A cutting tool comprising a blade portion on the distal end side in the axial direction and a shank on the proximal end side in the axial direction,
The blade portion has a blade groove provided on the outer peripheral surface, and an outer peripheral blade formed along the blade groove,
The blade groove and the outer peripheral blade are formed by twisting in the opposite direction to the cutting rotation direction seen from the shank side,
The cutting groove has a groove width that increases toward the tip end side, and guides chips cut by the outer peripheral blade to the tip end side. A cutting tool comprising a blade portion on the distal end side in the axial direction and a shank on the proximal end side in the axial direction,
The blade portion has a blade groove provided on the outer peripheral surface, and an outer peripheral blade formed along the blade groove,
The blade groove and the outer peripheral blade are formed by twisting in the opposite direction to the cutting rotation direction seen from the shank side,
The cutting groove is deepened toward the tip end side, and guides chips cut by the outer peripheral blade to the tip end side. In the cutting tool according to claim 1 or 2,
A bottom blade that is continuous with the outer peripheral blade is formed at the tip of the blade portion,
The rake face of the bottom blade is formed continuously on the rake face of the outer peripheral blade on the tip side of the blade groove,
A cutting tool, wherein a concave end pocket is formed on the opposite side of the bottom blade from the rake face of the bottom blade. In the cutting tool in any one of Claims 1-3,
The blade groove is a first blade groove formed over the adjacent outer peripheral blades;
And a second blade groove formed on an inner surface of the first blade groove, the groove width being smaller than the groove width of the first blade groove. Cutting tools.   A machine tool comprising the cutting tool according to any one of claims 1 to 4. A blade portion on the distal end side in the axial direction and a shank on the proximal end side in the axial direction are provided, and the blade portion has a blade groove provided on the outer peripheral surface and an outer peripheral blade formed along the blade groove.

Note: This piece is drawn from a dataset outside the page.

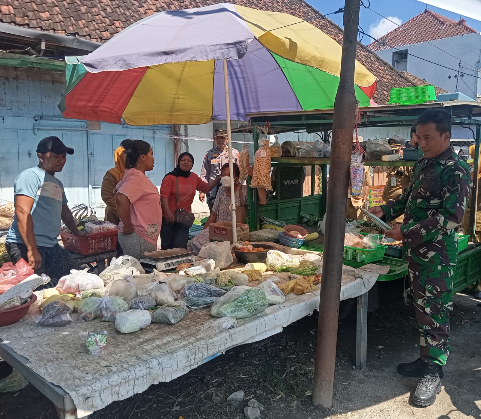 MMCNEWS.ID | Sertu Prayitno adi utomo, Babinsa Koramil 0814/07 Kabuh, Kodim 0814/Jombang, melaksanakan pengecekan ketersediaan harga sembako secara langsung di pasar tradisional Kecamatan Kabuh,Kabupaten Jombang, Senin (30/3/2026)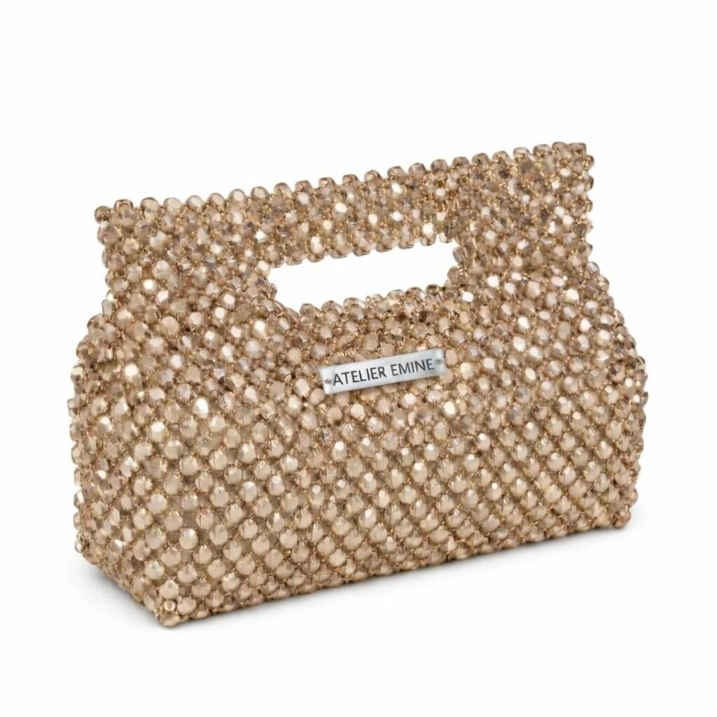 Atelier Emine’in Crystal Gelato Couture serisine ait Panna Sand, 8 mm optik sınıfı kristal boncukların yüksek dayanımlı misina ile tek tek örülmesiyle üretilmiş, formu gövdeyle bütünleşik top-handle yapıya sahip premium clutch modelidir.

The blade groove and the outer peripheral blade are formed by being twisted in the opposite direction to the cutting rotation direction viewed from the shank side, and the blade groove has a groove width that increases toward the tip side. , A processing method using a cutting tool for guiding the chips cut by the outer peripheral blade to the tip side,
The processing method characterized by discharging the said chip from the front end side of the said cutting tool. A blade portion on the distal end side in the axial direction and a shank on the proximal end side in the axial direction are provided, and the blade portion has a blade groove provided on the outer peripheral surface and an outer peripheral blade formed along the blade groove. The blade groove and the outer peripheral blade are formed by twisting in the opposite direction to the cutting rotation direction viewed from the shank side, and the blade groove becomes deeper toward the tip end side, and the outer peripheral blade A cutting method using a cutting tool for guiding the chips cut out at the tip side,
The processing method characterized by discharging the said chip from the front end side of the said cutting tool.